Relating transformers to models and neural representations of the hippocampal formation
James C. R. Whittington, Joseph Warren, Timothy E. J. Behrens
TL;DR
The paper demonstrates that Transformers equipped with recurrent position encodings can replicate spatial representations observed in the hippocampal-entorhinal system, notably grid and place cells. It establishes a close mathematical relationship between Transformers and the Tolman-Eichenbaum Machine (TEM), mapping TEM memory retrieval to self-attention and interpreting path integration as learned position encodings.
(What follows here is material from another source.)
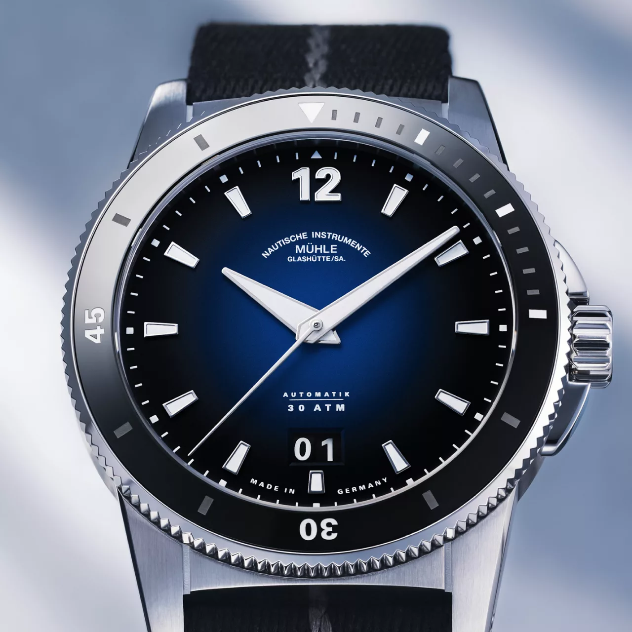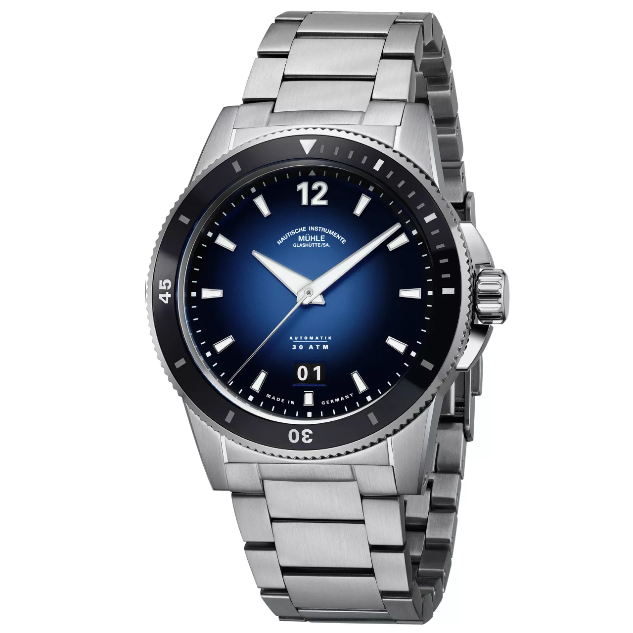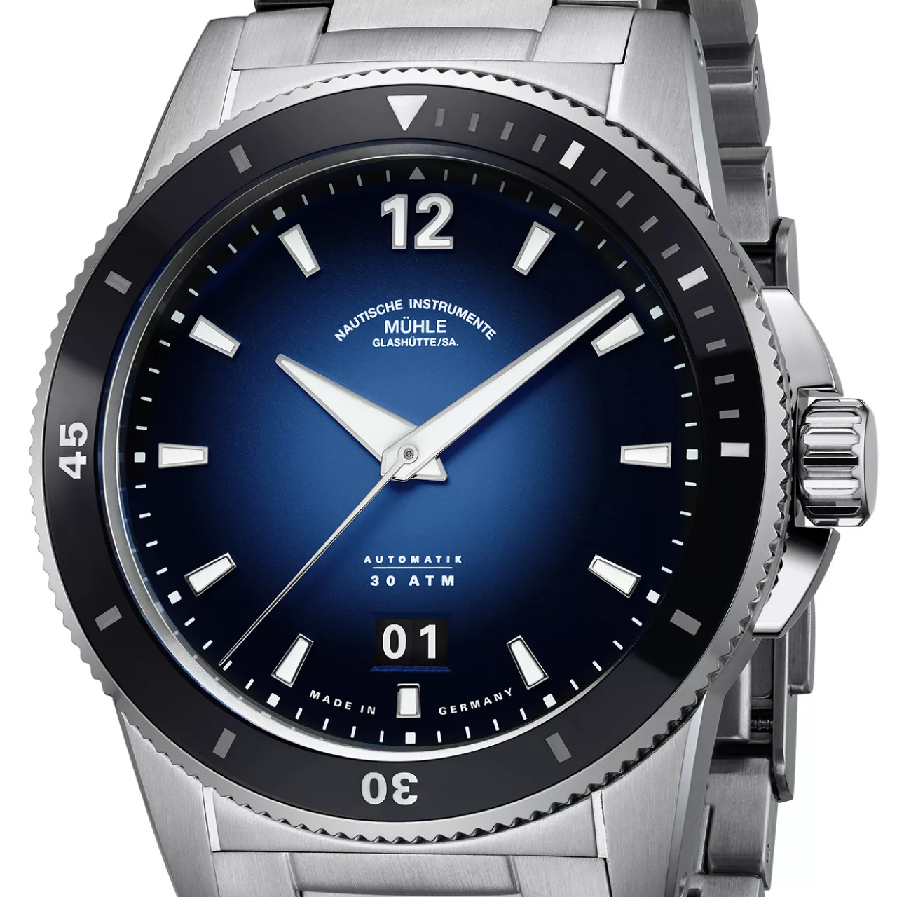The Mühle-Glashütte Sportivo Big Date Blue marks a significant chapter in the Glashütte manufacturer’s history, celebrating three decades of wristwatch production with a distinctive, technically focused sports watch. Framed by a robust 42.5 mm stainless steel case, this model introduces a striking blue-to-black gradient dial that lends the watch a subtle, almost mystical visual depth while maintaining the brand’s signature nautical instrument clarity. Its bold aesthetic is paired with purposeful functionality, ensuring the watch remains as legible as it is visually compelling.

Introducing TEM-t, a Transformer analogue of TEM, the authors report improved sample efficiency and memory capacity along with emergent grid-like representations, supported by a biologically plausible account of place-cell remapping. The work bridges neuroscience and machine learning, offering insights into hippocampal indexing, the role of position encodings, and potential extensions to language and broader cognitive tasks. Overall, it presents a unified view where hippocampal computations can be viewed through the lens of transformer-like architectures, with implications for understanding cortical processing beyond the hippocampus.
Abstract
Many deep neural network architectures loosely based on brain networks have recently been shown to replicate neural firing patterns observed in the brain. One of the most exciting and promising novel architectures, the Transformer neural network, was developed without the brain in mind. In this work, we show that transformers, when equipped with recurrent position encodings, replicate the precisely tuned spatial representations of the hippocampal formation; most notably place and grid cells. Furthermore, we show that this result is no surprise since it is closely related to current hippocampal models from neuroscience. We additionally show the transformer version offers dramatic performance gains over the neuroscience version. This work continues to bind computations of artificial and brain networks, offers a novel understanding of the hippocampal-cortical interaction, and suggests how wider cortical areas may perform complex tasks beyond current neuroscience models such as language comprehension.